An integrated approach of immunogenomics and bioinformatics to identify new Tumor Associated Antigens (TAA) for mammary cancer immunological prevention

Federica Cavallo 1, Annalisa Astolfi 3, Manuela Iezzi 4, Francesca Cordero 1,2, Pier-Luigi Lollini 3, Guido Forni 1, Raffaele Calogero 1,
PMCID: PMC1866378  PMID: 16351756

Abstract

Background

Neoplastic transformation is a multistep process in which distinct gene products of specific cell regulatory pathways are involved at each stage. Identification of overexpressed genes provides an unprecedented opportunity to address the immune system against antigens typical of defined stages of neoplastic transformation. HER-2/neu/ERBB2 (Her2) oncogene is a prototype of deregulated oncogenic protein kinase membrane receptors. Mice transgenic for rat Her2 (BALB-neuT mice) were studied to evaluate the stage in which vaccines can prevent the onset of Her2 driven mammary carcinomas. As Her2 is not overexpressed in all mammary carcinomas, definition of an additional set of tumor associated antigens (TAAs) expressed at defined stages by most breast carcinomas would allow a broader coverage of vaccination. To address this question, a meta-analysis was performed on two transcription profile studies [1,2] to identify a set of new TAA targets to be used instead of or in conjunction with Her2.

Results

The five TAAs identified (Tes, Rcn2, Rnf4, Cradd, Galnt3) are those whose expression is linearly related to the tumor mass increase in BALB-neuT mammary glands. Moreover, they have a low expression in normal tissues and are generally expressed in human breast tumors, though at a lower level than Her2.

Conclusion

Although the number of putative TAAs identified is limited, this pilot study suggests that meta-analysis of expression profiles produces results that could assist in the designing of pre-clinical immunopreventive vaccines.

Background

One of the most significant tenet of tumor immunology is the assumption that the immune system is able to discriminate between normal and neoplastic tissues. As this distinction is based on the overexpression of TAAs, the discovery of TAAs and their molecular and genetic characterization is important in both tumor immunodiagnosis and immunotherapy.

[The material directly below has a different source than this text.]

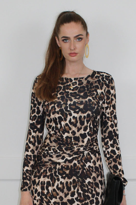 High neck sleeveless maxi dress with ruched detail in chocolate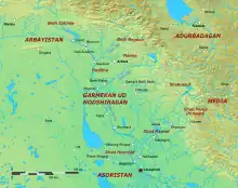 The Byzantines were successful at their endeavors, securing a noteworthy victory under the commanders Cours and John Mystacon, albeit also suffering a defeat at the hands of the Sasanians.[20] In early 580, the clients and vassals of the Sasanians, the Lakhmids, were defeated at the hands of the Ghassanids, vassals of the Byzantines.[20] In the same year, a Byzantine army ravaged Garamig ud Nodardashiragan, reaching as far as Media.[21][6] Around the same time, Bakur III, the Sasanian client king of Iberia, died, leaving behind two sons who were underage. Hormizd took advantage of the situation by abolishing the Iberian monarchy, i.e. the Chosroid dynasty. He appointed his son Khosrow as the governor of Caucasian Albania, who negotiated with the Iberian aristocracy and won their support, so successfully incorporating the country into the Sasanian Empire.[21][7][22]

The progressive elucidation of the nature of TAAs recognized by antibodies and T lymphocytes coupled with the elaboration of methods for their isolation and synthesis of their peptides is leading towards new formulations of antitumor vaccines. Despite of the fact that long lists of well-characterized TAAs recognized by T cells [3] and by antibodies [4] are currently available, the attempts to use them to arouse an immune response able to cure tumor patients has met with very little success, at least so far [5]. Towards this goal significant obstacles are posed by the patient's state of immunosuppression and the numerous mechanisms to evade the immune response that a tumor progressively acquires [6]. This two order of obstacles might suggest that active immunotherapy is not very appropriate for patients with advanced tumors.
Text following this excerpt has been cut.